We want to extend a warm welcome to all the new members of the Social Science Computing Cooperative, whether you’re a new faculty member, staff member, or graduate student who will use our resources for research, or an undergraduate taking a class that uses SSCC resources.
What is the SSCC?
The SSCC provides servers, software, training, and consulting to support researchers (and future researchers) who do statistical analysis. If you didn’t attend an orientation session, feel free to email the SSCC Help Desk, tell us about yourself, and ask what we can do for you.
What is SSCC News?
SSCC News is one of our main ways of getting information to our members. It comes out about once every two months. Please look over the email when you get it and then read the articles that will affect you.
If you’d rather not receive SSCC News, email email@example.com and they can take care of that for you. If you’re no longer interested in SSCC News because you no longer use your SSCC account, they can close it for you.
SSCC’s fall training is underway, but it’s not too late to learn Stata or R, including reviews of regression in both languages. We also have a lot of workshops that will be of interest to veteran researchers:
- Learn to run jobs on SSCC’s Linux servers, where they’ll have much more computing power and can run for days or weeks if needed
- Use Globus to move data into Silo
- Loops make writing code much, much faster by eliminating repetition. We’ll teach you how to use them in R or Stata.

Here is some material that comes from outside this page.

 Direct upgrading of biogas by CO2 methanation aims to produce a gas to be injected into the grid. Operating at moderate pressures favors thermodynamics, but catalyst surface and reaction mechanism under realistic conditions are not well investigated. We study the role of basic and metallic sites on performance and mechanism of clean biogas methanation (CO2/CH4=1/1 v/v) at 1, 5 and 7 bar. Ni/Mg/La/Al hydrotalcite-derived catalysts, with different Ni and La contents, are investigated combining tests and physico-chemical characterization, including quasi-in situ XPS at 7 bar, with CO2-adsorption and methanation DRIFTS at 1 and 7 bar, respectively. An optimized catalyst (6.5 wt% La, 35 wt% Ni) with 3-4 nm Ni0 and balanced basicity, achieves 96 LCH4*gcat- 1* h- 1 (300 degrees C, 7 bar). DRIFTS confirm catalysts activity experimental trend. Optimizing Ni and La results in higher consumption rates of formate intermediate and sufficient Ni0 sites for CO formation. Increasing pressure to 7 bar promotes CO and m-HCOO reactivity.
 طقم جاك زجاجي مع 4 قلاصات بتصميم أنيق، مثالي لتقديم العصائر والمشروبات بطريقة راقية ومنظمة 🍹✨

- Shiny allows you to make interactive data visualizations for the web using R (like the COVID-19 dashboards we’ve all spent too much time staring at). Think Tableau, but free.
- Learn to collect data directly from the web using R with web scraping
- Stata 17 has new tools for tables that are much more flexible than esttab or outreg2
- Multiple Imputation of missing data is not a technique we particularly recommend as it’s a ton of work and easy to get wrong, but in this grad-student-requested workshop we’ll help you get it right
Visit the training page for details and to register.
As part of the SSCC’s summer update, we installed PyCharm on all of the SSCC’s interactive servers. PyCharm is a powerful development environment for writing Python code. It is comparable to Spyder, but more sophisticated. While Jupyter Notebooks are an excellent tool for teaching, communicating results, and simple tasks, for tasks of even moderate complexity we suggest writing your code in something like PyCharm.
In other Python news, security researchers recently identified eight malicious Python packages in the popular PyPI repository (the default source used by conda and pip). Six of them were designed to steal the personal information of the programmer who downloaded them, but two were designed to infect any computer the resulting code was run on. In principle similar things could be done with R’s CRAN or Bioconductor repositories or Stata’s SSC library, but they are smaller and less rewarding targets.
Installing well-known Python packages, like PyTorch or scikit-learn, is reasonably safe. But if you’re thinking about installing something that’s off the beaten path, please take a few minutes first to google it and make sure it comes from a reputable source.
Ars Technica has more information about the incident.